Wednesday, August 3, 2011

finally, something i can eat!

i have had a series of bad baking lately.

i was baking brownies on sunday night when the power went out 20 minutes in on a 45 minute bake.
power came back on 2 1/2 hours later. finished baking the brownies to no avail. the middle was soup. what a waste!

made cupcakes monday night, i am persistant, but i was short 1 egg, so i had to use egg beaters instead. they were not good. dog wouldn't even eat them. threw them out. what a tragedy!!

so tonight, i pull out some crescent rolls and the nutella and the third time is the charm. the power stayed on the rolls stuffed with nutella came out perfectly. life is good again!!!

A frenzied day

i strongly dislike days like today.. everything was going smoothly and quietly, then something at work breaks. and now it is rush, rush, rush. i don't handle stress like that well. but i did alot of deep breathing and managed to get through it. but it did make me cranky.

i looked up tri-polar on the internet, it's a combo of bi-polar and borderline personality disorder, which i do have both.
out of the 15 signs/symptoms they listed, i go through 12 of them on a regular basis. but to me that is just life and status quo.

i'd go back to the shrink if i could afford it, but my insurance barely cover's mental health. it is too expensive to be mentally ill today. so i'm stopping right now because i just can't afford it. where's the off switch???

i wish it was that easy.

i am swinging low right now. feeling down about myself. feeling lonely, unloved, empty, and just totally bummed. yesterday i did not feel this way. i think it is because i'm tired. work was crazy and that makes me tired. and when i get tired i can't cope with anything.

so i think i'll just read some scriptures from the book of Job and go to bed early. tomorrow is another day, and i hope it is a better day.

Monday, August 1, 2011

Kitties everywhere!

i could not get sophie to come in this morning. when i took her for her 9am walk i found out why, kittens!!!!

it took all my strength to keep her from them. the momma (a calico) and the poppa (tiger yellow striped) watched me and the dog very carefully from under my neighbor's boat.

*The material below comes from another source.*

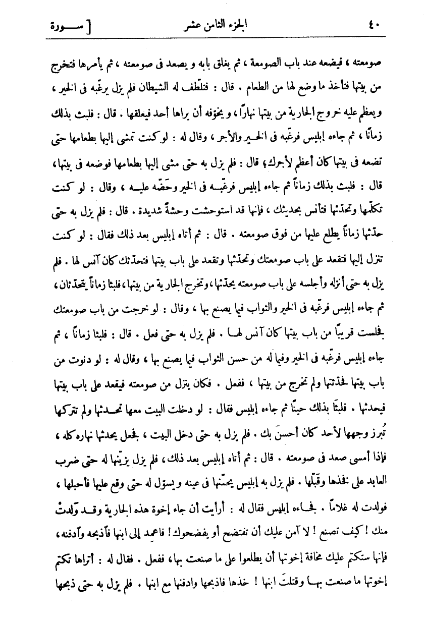 صَوْمَعَتِهِ، فَيَضَعُهُ عِنْدَ بَابِ الصَّوْمَعَةِ، ثُمَّ يُغْلِقُ بَابَهُ وَيَصْعَدُ فِي صَوْمَعَتِهِ، ثُمَّ يَأْمُرُهَا فَتَخْرُجُ مِنْ بَيْتِهَا فَتَأْخُذُ مَا وُضِعَ لَهَا مِنَ الطَّعَامِ. قَالَ: فَتَلَطَّفَ لَهُ الشَّيْطَانُ فَلَمْ يَزَلْ يُرَغِّبُهُ فِي الْخَيْرِ، وَيُعَظِّمُ عَلَيْهِ خُرُوجَ الْجَارِيَةِ مِنْ بَيْتِهَا نَهَارًا، وَيُخَوِّفُهُ أَنْ يَرَاهَا أَحَدٌ فَيَعْلَقَهَا. قَالَ: فَلَبِثَ بِذَلِكَ زَمَانًا، ثُمَّ جَاءَهُ إِبْلِيسُ فَرَغَّبَهُ فِي الْخَيْرِ وَالْأَجْرِ، وَقَالَ لَهُ: لَوْ كُنْتَ تَمْشِي إِلَيْهَا بِطَعَامِهَا حَتَّى تَضَعَهُ فِي بَيْتِهَا كَانَ أَعْظَمَ لِأَجْرِكَ، قَالَ: فَلَمْ يَزَلْ بِهِ حَتَّى مَشَى إِلَيْهَا بِطَعَامِهَا فَوَضَعَهُ في بيتها قال: فلبثت بِذَلِكَ زَمَانًا ثُمَّ جَاءَهُ إِبْلِيسُ فَرَغَّبَهُ فِي الْخَيْرِ وَحَضَّهُ عَلَيْهِ، وَقَالَ: لَوْ كُنْتَ تُكَلِّمُهَا وَتُحَدِّثُهَا فَتَأْنَسُ بِحَدِيثِكَ، فَإِنَّهَا قَدِ اسْتَوْحَشَتْ وَحْشَةً شَدِيدَةً. قَالَ: فَلَمْ يَزَلْ بِهِ حَتَّى حَدَّثَهَا زَمَانًا يَطَّلِعُ عَلَيْهَا مِنْ فَوْقِ صَوْمَعَتِهِ. قَالَ: ثُمَّ أَتَاهُ إِبْلِيسُ بَعْدَ ذَلِكَ فَقَالَ: لَوْ كُنْتَ تَنْزِلُ إِلَيْهَا فَتَقْعُدَ عَلَى بَابِ صَوْمَعَتِكَ وَتُحَدِّثَهَا وَتَقْعُدَ عَلَى بَابِ بَيْتِهَا فَتُحَدِّثَكَ كَانَ آنَسَ لَهَا. فَلَمْ يَزَلْ بِهِ حَتَّى أَنْزَلَهُ وَأَجْلَسَهُ عَلَى بَابِ صَوْمَعَتِهِ يُحَدِّثَهَا، وَتَخْرُجُ الْجَارِيَةُ مِنْ بَيْتِهَا، فَلَبِثَا زَمَانًا يَتَحَدَّثَانِ، ثُمَّ جَاءَهُ إِبْلِيسُ فَرَغَّبَهُ فِي الْخَيْرِ وَالثَّوَابِ فِيمَا يَصْنَعُ بِهَا، وَقَالَ: لَوْ خَرَجْتَ مِنْ بَابِ صَوْمَعَتِكَ فَجَلَسْتَ قَرِيبًا مِنْ بَابِ بَيْتِهَا كَانَ آنَسَ لَهَا. فَلَمْ يَزَلْ بِهِ حَتَّى فَعَلَ. قَالَ: فَلَبِثَا زَمَانًا، ثُمَّ جَاءَهُ إِبْلِيسُ فَرَغَّبَهُ فِي الْخَيْرِ وَفِيمَا لَهُ مِنْ حُسْنِ الثَّوَابِ فِيمَا يَصْنَعُ بِهَا، وَقَالَ لَهُ: لَوْ دَنَوْتَ مِنْ بَابِ بَيْتِهَا فَحَدَّثْتَهَا وَلَمْ تَخْرُجْ مِنْ بَيْتِهَا، فَفَعَلَ. فَكَانَ يَنْزِلُ مِنْ صَوْمَعَتِهِ فَيَقْعُدُ عَلَى بَابِ بَيْتِهَا فَيُحَدِّثُهَا. فَلَبِثَا بِذَلِكَ حِينًا ثُمَّ جَاءَهُ إِبْلِيسُ فَقَالَ: لَوْ دَخَلْتَ الْبَيْتَ مَعَهَا تُحَدِّثَهَا وَلَمْ تَتْرُكْهَا تُبْرِزْ وَجْهَهَا لِأَحَدٍ كَانَ أَحْسَنَ بِكَ. فَلَمْ يَزَلْ بِهِ حَتَّى دَخَلَ الْبَيْتَ، فَجَعَلَ يُحَدِّثُهَا نَهَارَهُ كُلَّهُ، فَإِذَا أَمْسَى صَعِدَ فِي صَوْمَعَتِهِ. قَالَ: ثُمَّ أَتَاهُ إِبْلِيسُ بَعْدَ ذَلِكَ، فَلَمْ يَزَلْ يُزَيِّنُهَا لَهُ حَتَّى ضَرَبَ الْعَابِدَ عَلَى فَخِذِهَا وَقَبَّلَهَا. فَلَمْ يَزَلْ بِهِ إِبْلِيسُ يُحَسِّنُهَا فِي عَيْنِهِ وَيُسَوِّلُ لَهُ حَتَّى وَقَعَ عَلَيْهَا فَأَحْبَلَهَا، فَوَلَدَتْ لَهُ غُلَامًا، فَجَاءَهُ إِبْلِيسُ فَقَالَ لَهُ: أَرَأَيْتَ إِنْ جَاءَ إِخْوَةُ هَذِهِ الْجَارِيَةِ وَقَدْ وَلَدَتْ مِنْكَ! كَيْفَ تَصْنَعُ! لَا آمَنُ عَلَيْكَ أَنْ تَفْتَضِحَ أَوْ يَفْضَحُوكَ! فَاعْمِدْ إِلَى ابْنِهَا فَاذْبَحْهُ وَادْفِنْهُ، فَإِنَّهَا سَتَكْتُمُ عَلَيْكَ مَخَافَةَ إِخْوَتِهَا أَنْ يَطَّلِعُوا عَلَى مَا صَنَعْتَ بِهَا، فَفَعَلَ. فَقَالَ لَهُ: أَتَرَاهَا تَكْتُمُ إِخْوَتَهَا مَا صَنَعْتَ بِهَا وَقَتَلْتَ ابْنَهَا! خُذْهَا فَاذْبَحْهَا وَادْفِنْهَا مَعَ ابْنِهَا. فَلَمْ يَزَلْ بِهِ حَتَّى ذَبَحَهَا

they had the kittens under my other neighbor's trailer, not so smart, since he moves that for work. he had to have seen them this morning, but he's not an animal person, so he probably ignored them.

i was afraid to touch the kittens, i know sometimes if a human touches them the mother will abandon them. it's been an hour now and i looked out the window and 3 out of the 5 have been moved. i did go out and move the remaining two from out of the hot sun to under the boat. i hope the momma cat moves them. i think they are approx. 2-3 weeks old, the eyes are open, still blue, and the ears aren't fully up yet. they can move around but just a little.

sophie the puggle is keeping a very close eye on the situation. she is a no nonsense dog when it comes to those kitty cats.